**Data for the task:**
# # # #
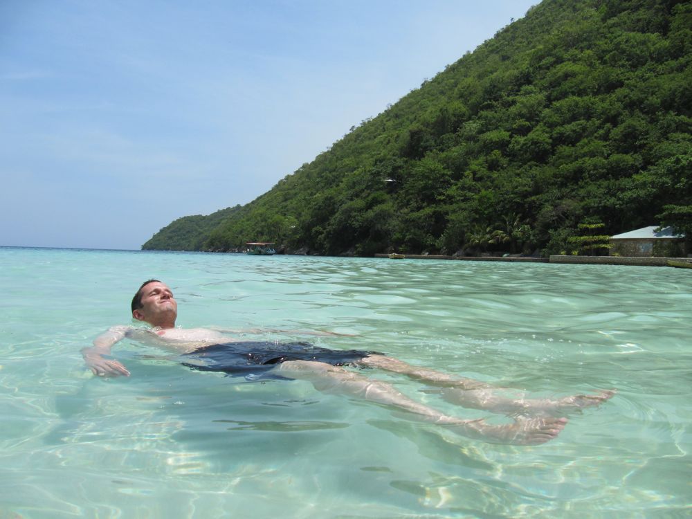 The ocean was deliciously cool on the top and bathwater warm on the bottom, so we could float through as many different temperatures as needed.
# # # #
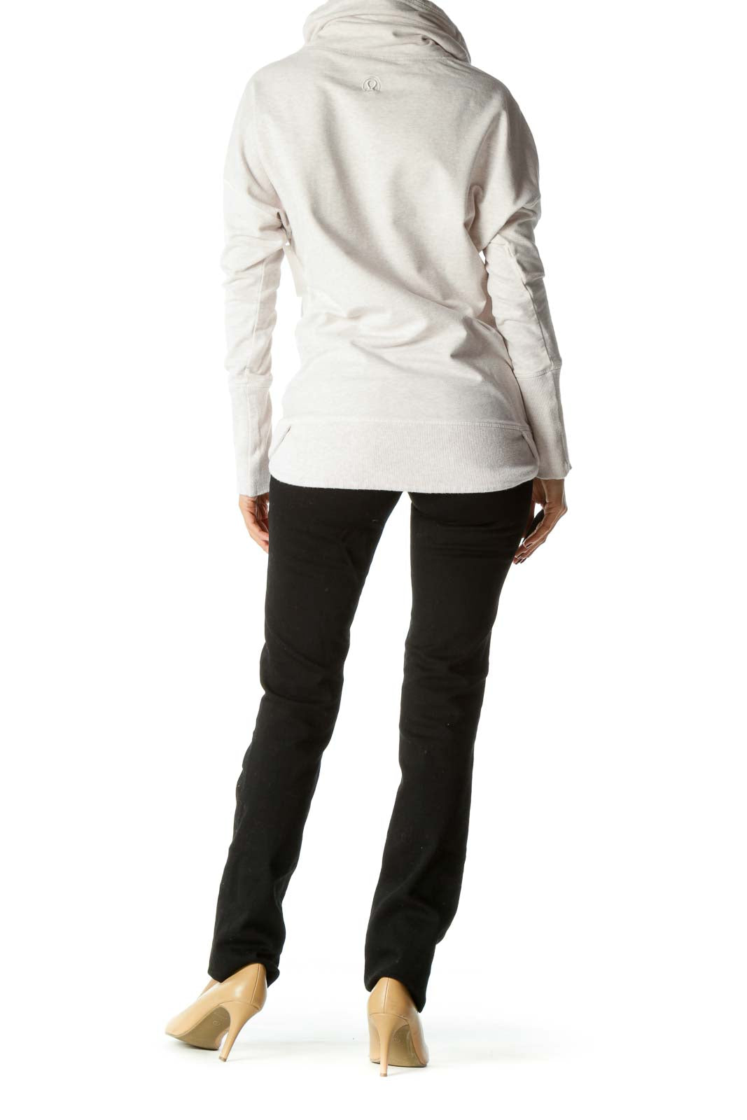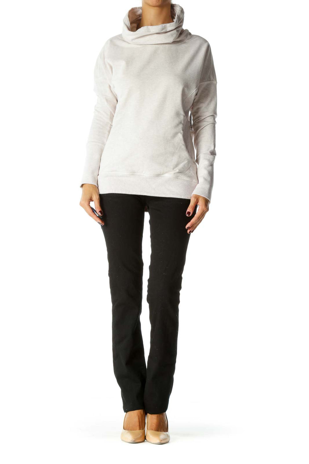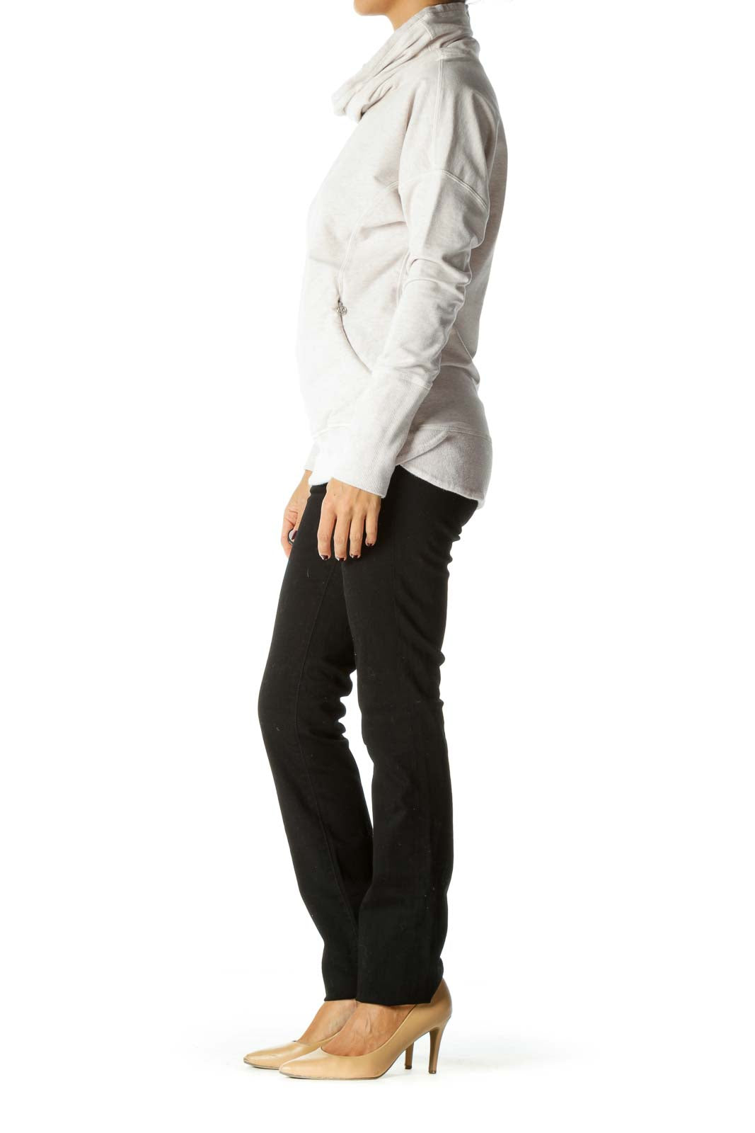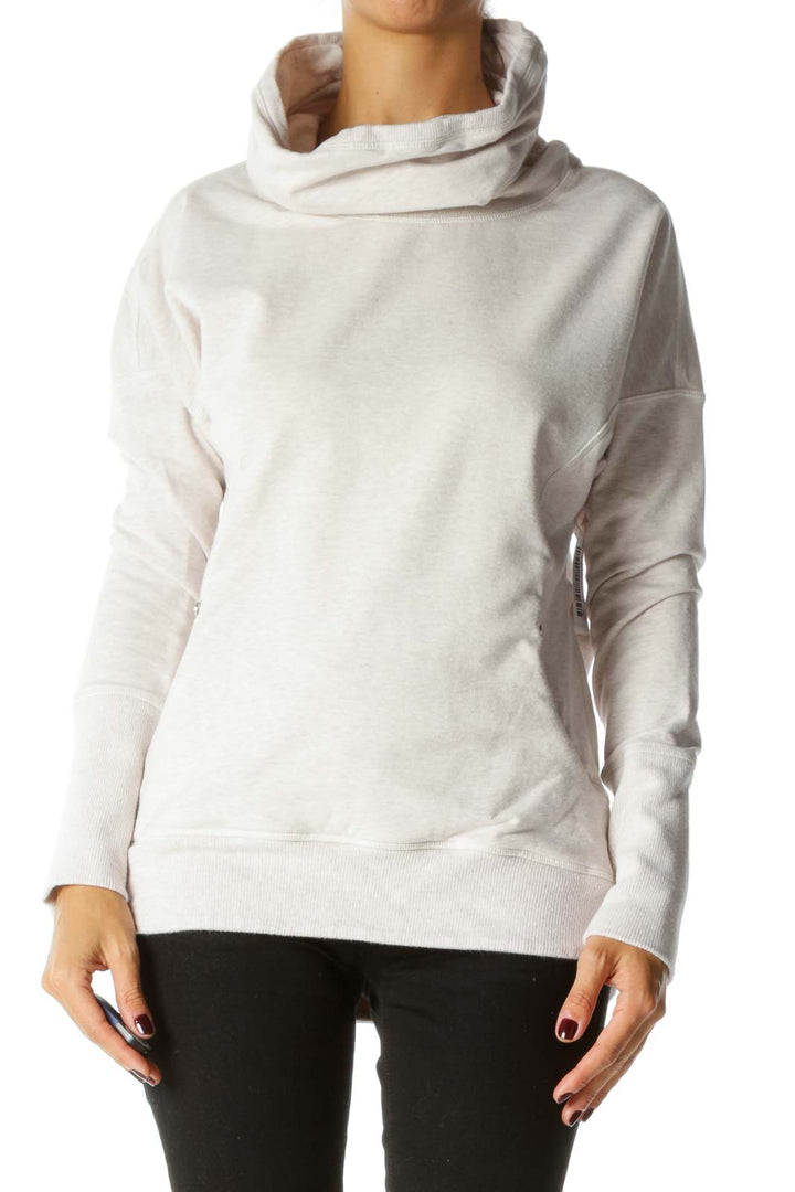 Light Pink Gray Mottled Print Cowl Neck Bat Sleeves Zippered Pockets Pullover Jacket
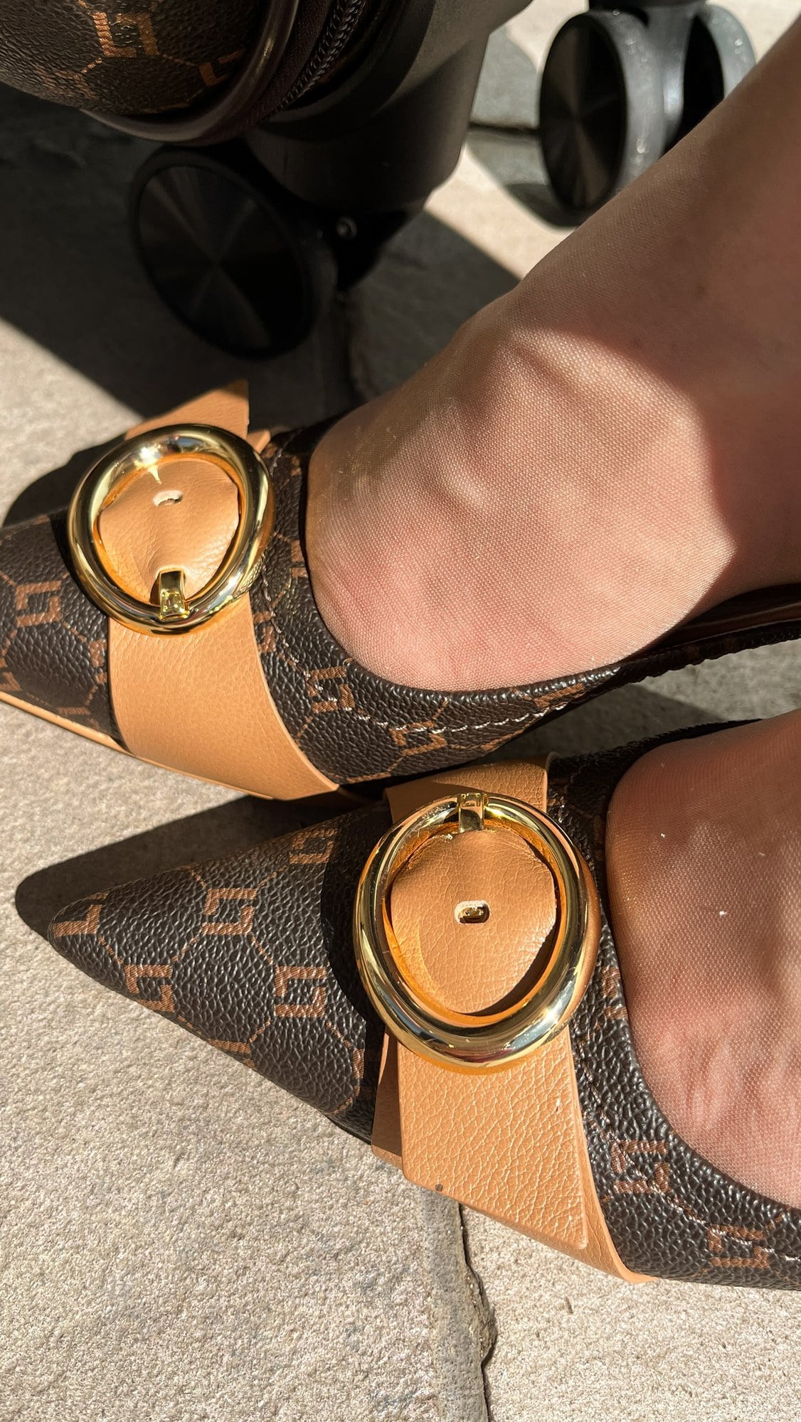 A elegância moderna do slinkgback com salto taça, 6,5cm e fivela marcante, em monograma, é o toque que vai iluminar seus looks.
# # # #
**Task instructions:** Reproduce, exactly and only, the lines of the records above starting at the line with "Light Pink Gray" and ending at the line with "A elegância moderna", both included. Leave every picture out.

**Answer box:**
 Light Pink Gray Mottled Print Cowl Neck Bat Sleeves Zippered Pockets Pullover Jacket
 A elegância moderna do slinkgback com salto taça, 6,5cm e fivela marcante, em monograma, é o toque que vai iluminar seus looks.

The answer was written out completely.